MY GERMAN QUESTION: Growing Up in Nazi Berlin.
#### MY GERMAN QUESTION: Growing Up in Nazi Berlin.
By Peter Gay. Yale Univ. Press. 208 pp. $22.50
Historian Peter Gay introduces this memoir of his youth in Nazi Berlin and his family’s forced emigration with an epigraph from Christopher Marlowe’s Tragical History of Dr. Faustus: "Why, this is hell, nor am I out of it." In adding to the sky-high stack of Holocaust-related memoirs of recent years, the eminent chronicler of the Victorian era seeks to create something more complex and subtle than merely another tale of suffering. Gay wants to sketch two essentially interior landscapes: first, the psychological and behavioral effects of what he experienced during those years of ceaseless Nazi propaganda and gathering threat; second, the terrifying pressures and obstacles that allowed so many German Jews to wait in seeming passivity for disaster to strike.
The image of lambs-to-the-slaughter paralysis still angers him—although his father in fact mustered his nerve and got the family out in 1939. " ‘ It was all in Mein Kampf ’ has long been the litany of our detractors, who, without an inkling of what uprooting oneself meant and how hard it was to read the signals, reproached me or my parents for not having packed up on January 30, 1933, and left the country the same day," Gay writes. This is one of the few passages where we glimpse the abiding rage that the Nazi experience instilled in him, together with an arsenal of ways to repress it. When he first stepped on American soil, "Berlin seemed far away, but that was an illusion; for years I would pick fragments of it from my skin as though I had wallowed among shards of broken glass."
The rage and repression are his true subject. In showing how it really was—not just the wounds to the psyche but the psyche’s self-protective, shrinking responses—he will rebut the simple-minded critique of those who behaved as his parents did. But the approach doesn’t quite work. The author dwells at length on the details of his defiantly normal daily life between 1933 and 1939, when his parents finally won passage on a boat to Havana. (They ultimately joined relatives in the United States.) We hear of his many "strategies" for hiding from the storm outside—his obsessive stamp collecting and sports watching; his early, entirely ordinary sexual fantasies. But without corresponding details of the storm outside, these details are just that: ordinary.

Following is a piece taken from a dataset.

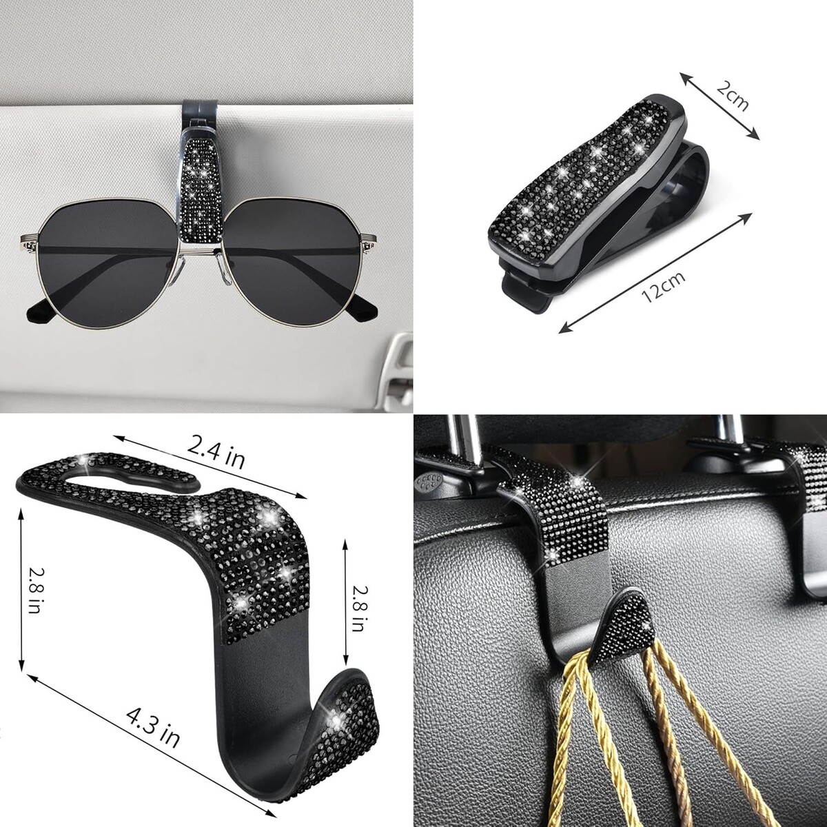 Items Included: Headrest Cover,Diamond Steering Wheel Cover,Diamond Gear Cover,Diamond Seat Belt Covers,Bling One Button Start Rings,Diamond Cup Holder Coasters,Hooks,Glasses Clip

Gay remains oddly reticent about the storm itself, as if still partly in the grip of the insulating strategies that served him so well. Though there are flashes of horror, most descriptions are carefully general: "Sly and gross in turn, the anti-Semitic propaganda campaigns, calculated to drive us to despair, were so incessant, so repetitious, so allembracing that it was nearly impossible to escape them." Many key moments have escaped his memory entirely, from what he did in the evening after seeing the devastation of Kristallnacht to how he felt the day in April 1938 when he was forced to leave school. And the crucial matter of how his parents made the decision to emigrate—how they balanced the terrors of staying with the terrors ahead—is, to the reader’s surprise, never directly discussed. Is it because Gay does not know what his parents, now deceased, were thinking in those dark times? Or is it some deeper reluctance?
In the afterword, he writes that the memoir has been "the least exhilarating" of his many writing projects, and that, contrary to cliché, plumbing his traumas has brought no catharsis. For the reader, too, this otherwise graceful work of analysis lacks the vividness that could create true empathy.